4. Priorité de la foi, primat de la charité
Comme tout don de Dieu, foi et charité reconduisent à l’action de l’unique et même Esprit Saint (cf. 1 Co 13), cet Esprit qui s’écrie en nous « Abbà ! Père » (Gal 4, 6), et qui nous fait dire: « Jésus est Seigneur » (1 Co 12, 3) et « Maranatha ! » (1 Co 16, 22; Ap 22, 20).
La foi, don et réponse, nous fait connaître la vérité du Christ comme Amour incarné et crucifié, adhésion pleine et parfaite à la volonté du Père et miséricorde divine infinie envers le prochain; la foi enracine dans le cœur et dans l’esprit la ferme conviction que précisément cet Amour est l’unique réalité victorieuse sur le mal et sur la mort.
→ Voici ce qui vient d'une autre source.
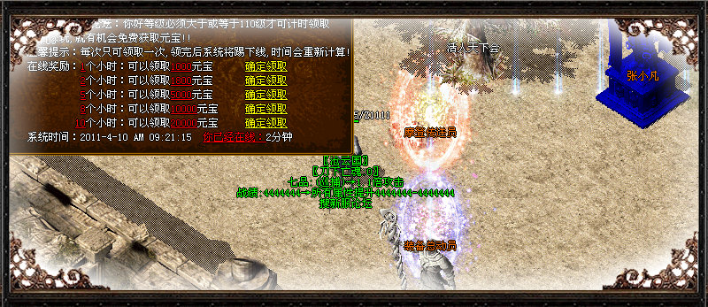 【沙城奖励】本服开区第二天举行大型集体攻城,行会老大无需递交头像,首任沙城主奖励二十万元宝+复仇一套,以后每天一次攻沙站,周六日及节假日再加一次,每天每次奖励两万元宝!

La foi nous invite a regarder vers l’avenir avec la vertu de l’espérance, dans l’attente confiante que la victoire de l’amour du Christ atteigne sa plénitude. De son côté, la charité nous fait entrer dans l’amour de Dieu manifesté dans le Christ, nous fait adhérer de manière personnelle et existentielle au don total de soi et sans réserve de Jésus au Père et à nos frères. En insufflant en nous la charité, l’Esprit Saint nous fait participer au don propre de Jésus: filial envers Dieu et fraternel envers chaque homme (cf. Rm 5, 5).
La relation qui existe entre ces deux vertus est semblable à celle entre les deux sacrements fondamentaux de l’Église : le Baptême et l’Eucharistie. Le Baptême (sacramentum fidei) précède l’Eucharistie (sacramentum caritatis), mais il est orienté vers celle-ci, qui constitue la plénitude du cheminement chrétien. De manière analogue, la foi précède la charité, mais se révèle authentique seulement si elle est couronnée par celle-ci. Tout part de l’humble accueil de la foi (« se savoir aimé de Dieu »), mais doit arriver à la vérité de la charité (« savoir aimer Dieu et son prochain »), qui demeure pour toujours, comme accomplissement de toutes les vertus (cf. 1 Co 13, 13).
Chers frères et sœurs, en ce temps de Carême, où nous nous préparons à célébrer l’événement de la Croix et de la Résurrection, dans lequel l’Amour de Dieu a racheté le monde et illuminé l’histoire, je vous souhaite à tous de vivre ce temps précieux en ravivant votre foi en Jésus Christ, pour entrer dans son parcours d’amour envers le Père et envers chaque frère et sœur que nous rencontrons dans notre vie. A cette fin j’élève ma prière à Dieu, tandis que j’invoque sur chacun et sur chaque communauté la Bénédiction du Seigneur!